John (ZECNT) Klink Review

The Gospel of John is a favorite among many. Rather than reading short bits of narrative with generally short teachings, John is filled with long teachings and little narrative (take John’s Farewell Discourse, which extends from John 13-17!). John is shallow enough for a child to understand, but deep enough for scholars to spit out huge tomes and never know all that John means. Since each generation needs fresh exegesis, Edward Klink has given us his interpretation of John’s Gospel in the new ZECNT series. Klink reveals his theological cards early on in his 54 page introduction:

“‘Scripture’ is a shorthand term for the nature and function of the biblical writings in a set of communicative acts which stretch from God’s merciful self-manifestation to the obedient hearing of the community of faith.” While such language might not be common vernacular in an introduction to an exegetical commentary, it should be, for the object of interpretation demands to be treated according to its true and sacred nature. Not to treat this Gospel as Scripture is itself a form of eisegesis, and it is a disobedient hearing of the (canonical) text’s own claim and of the God by whom it was authored. (25)

Klink notes that the Scriptures have their own genre—holy Scripture. The way God (or, here, the Gospel) speaks determines how we read Scripture:

  1. The Gospel speaks in time-and-space history, and history must remain subservient to the God of creation.
  2. The Gospel speaks in literary form, and the words must stay subservient to the Word.
  3. The Gospel speaks about the things of God, and theology must be defined by the person and work of God himself, the true subject matter of the things of God. (25)

Our doctrine of Scripture guides us to see God through “the work and person of Jesus Christ by the empowering Holy Spirit” (31).

Klink doesn’t try to historically reconstruct the event of John’s Gospel (besides John 2.1–11), because “each Gospel must be interpreted for the individual Gospel’s role or contribution to the one gospel, not in a manner that combines their events but in a manner that prepares to hear in unison their individual roles in the symphony of the gospel” (36).

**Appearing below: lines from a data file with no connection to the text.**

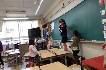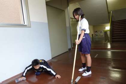 今日もきらきら清掃交流です。1年の教室に、何名か6年生が来てくれました。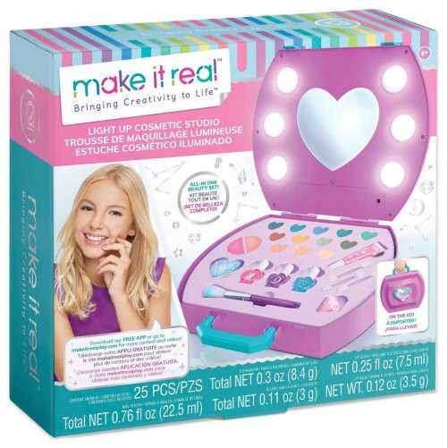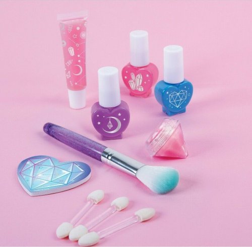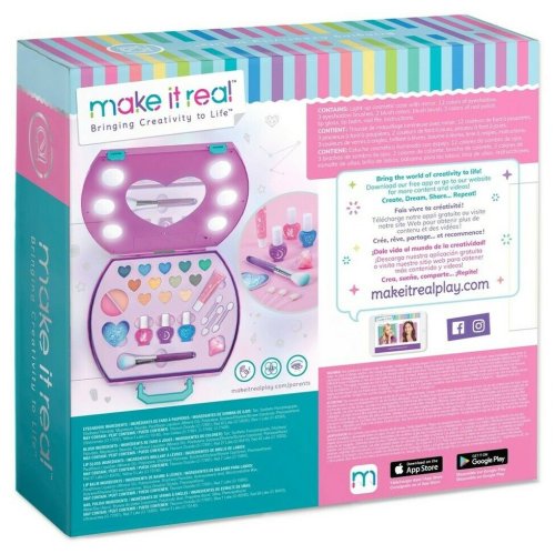 Obsahuje kosmetické pouzdro se světlem a zrcadlem, 12 různě barevných očních stínů, 3 štětce na oční stíny, 2 tvářenky, štětec na tvářenku, 3 různě barevné laky na nehty, lesk na rty, balzám na rty, pilník na nehty a instrukce. Vhodné pro děti od 8 let.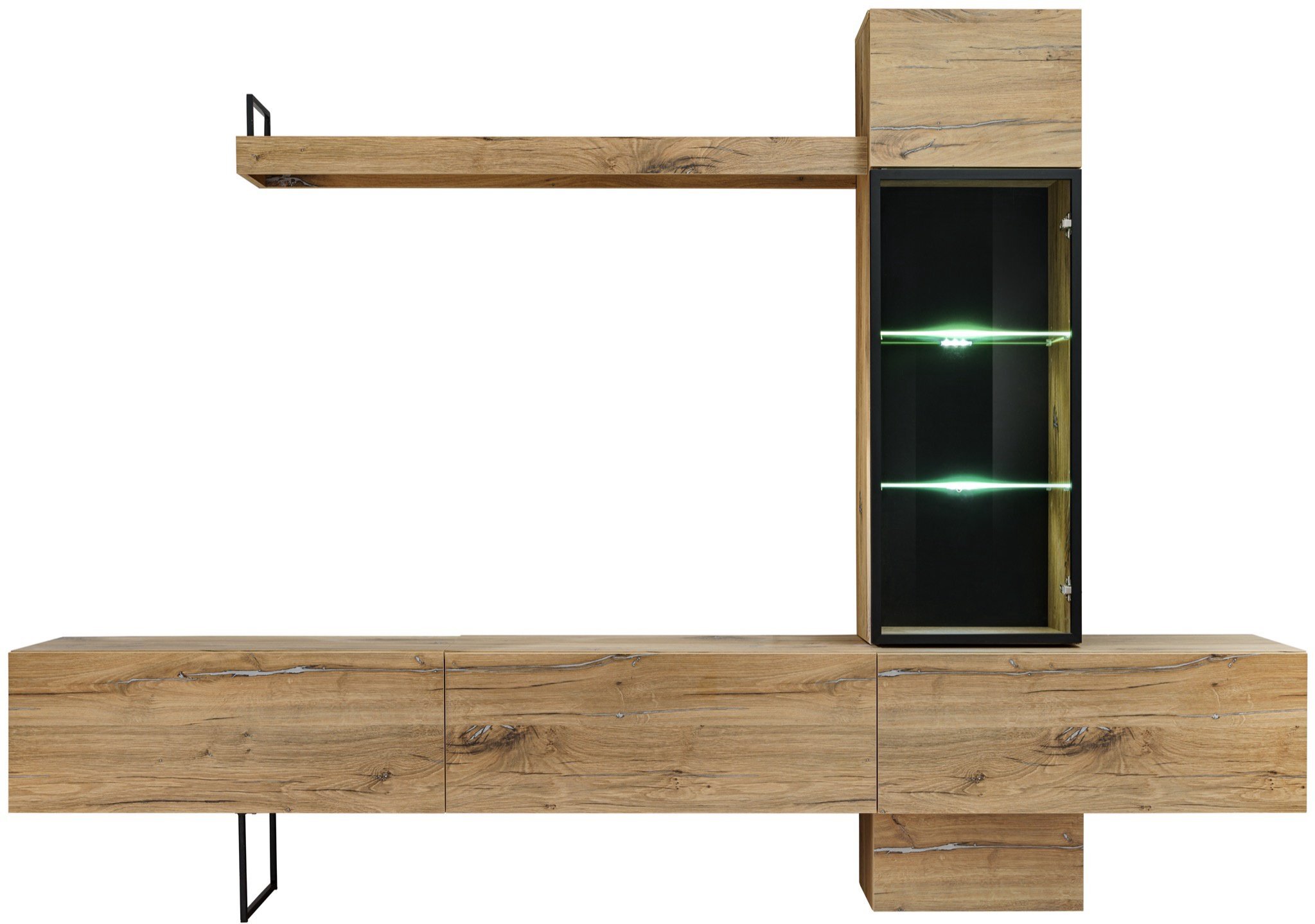 Pakabinamas lentynas su dekoratyviniu metaliniu elementu. Sieninė spintelė su dalinai stiklinta priekine dalimi - juoda aliuminio rėmas. Už durų yra viena įprasta lentyna ir dvi stiklinės lentynos, apšviestos balta LED šviesa. Po TV stovu yra spintelė su sklende. Viduje yra viena erdvė.

Klink says (rightly) that the Bible is not a window to what is inspired; it “is the locus of revelation” (29). Our texts do refer to historical people, places, and events, but rather than seeing the Bible as a window to the inspired events, in God’s Word “God is giving divine commentary on his own actions in history” (29). “The meaning is derived from the text which speaks about an event” (34).

Commentary Divisions

The ZECNT commentaries divide each section into seven parts: Literary Context, Main Idea, Translation and Graphical Layout, Structure, Exegetical Outline, Explanation of the Text, and Theology in Application. I giver a fuller explanation of each section on my review of Grant Osbourne’s Matthew volume. Though I don’t always find the Translation and Graphical Layout section to be helpful, each of the other sections, especially the Main Idea (which compresses the passage into a brief sentence) and the Theology in Application (and which brings out helpful insights), are extremely useful.

Klink’s Interpretations

I can’t rehearse all Klink says, but here is a taste.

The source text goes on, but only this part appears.